[Start of Attachment]

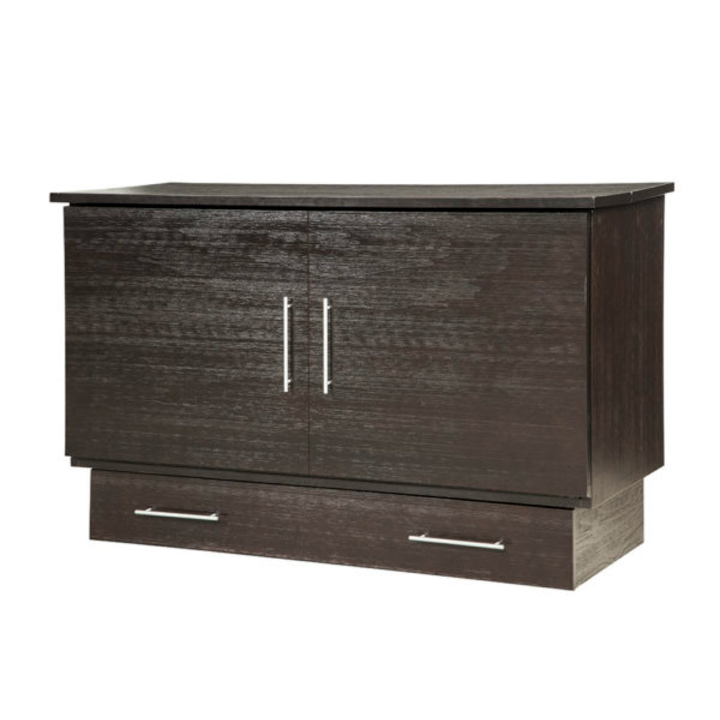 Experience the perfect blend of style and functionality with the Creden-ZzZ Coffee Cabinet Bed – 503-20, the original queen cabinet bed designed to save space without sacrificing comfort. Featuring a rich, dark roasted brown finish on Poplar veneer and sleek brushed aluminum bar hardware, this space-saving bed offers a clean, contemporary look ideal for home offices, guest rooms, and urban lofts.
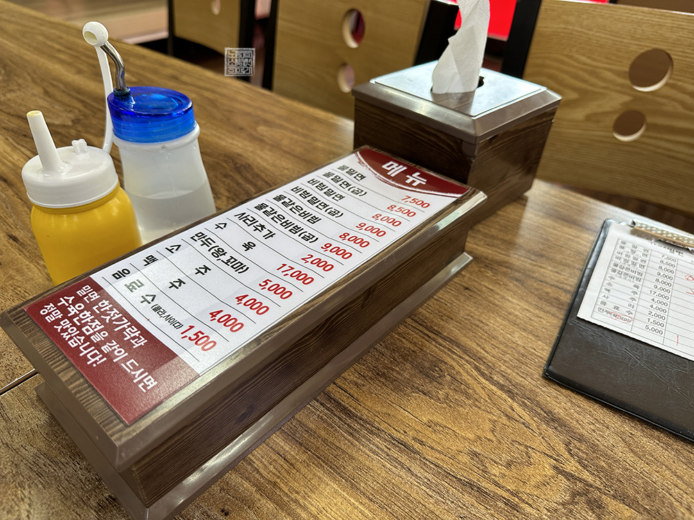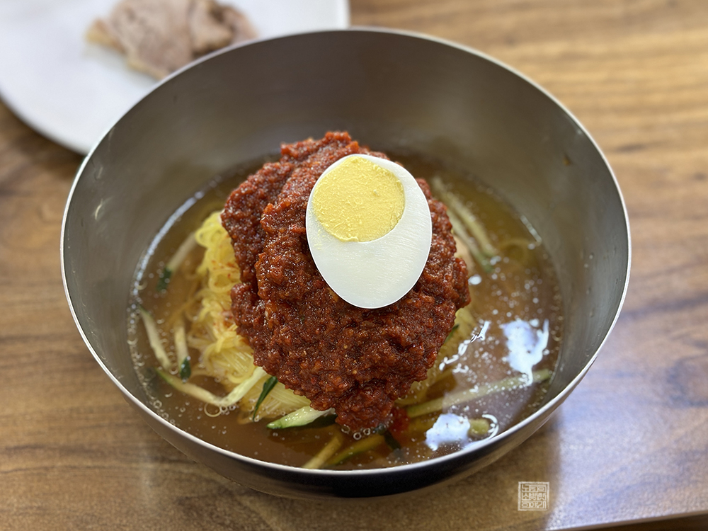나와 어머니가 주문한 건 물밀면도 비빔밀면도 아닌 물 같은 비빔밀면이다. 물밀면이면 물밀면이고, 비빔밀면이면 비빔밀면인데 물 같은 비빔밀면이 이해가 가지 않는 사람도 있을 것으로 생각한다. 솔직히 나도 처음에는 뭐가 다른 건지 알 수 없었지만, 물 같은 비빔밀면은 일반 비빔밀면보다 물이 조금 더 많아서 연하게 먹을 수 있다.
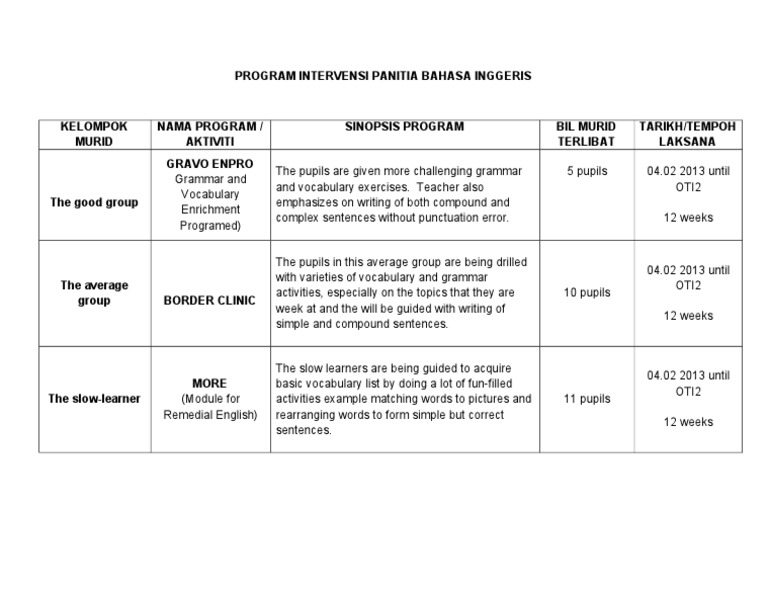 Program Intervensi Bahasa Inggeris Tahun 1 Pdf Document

[End of Attachment]

Work to complete: Could you repeat the data exactly, omitting its pictures?

Reply to the exercise:
 Experience the perfect blend of style and functionality with the Creden-ZzZ Coffee Cabinet Bed – 503-20, the original queen cabinet bed designed to save space without sacrificing comfort. Featuring a rich, dark roasted brown finish on Poplar veneer and sleek brushed aluminum bar hardware, this space-saving bed offers a clean, contemporary look ideal for home offices, guest rooms, and urban lofts.
나와 어머니가 주문한 건 물밀면도 비빔밀면도 아닌 물 같은 비빔밀면이다. 물밀면이면 물밀면이고, 비빔밀면이면 비빔밀면인데 물 같은 비빔밀면이 이해가 가지 않는 사람도 있을 것으로 생각한다. 솔직히 나도 처음에는 뭐가 다른 건지 알 수 없었지만, 물 같은 비빔밀면은 일반 비빔밀면보다 물이 조금 더 많아서 연하게 먹을 수 있다.
 Program Intervensi Bahasa Inggeris Tahun 1 Pdf Document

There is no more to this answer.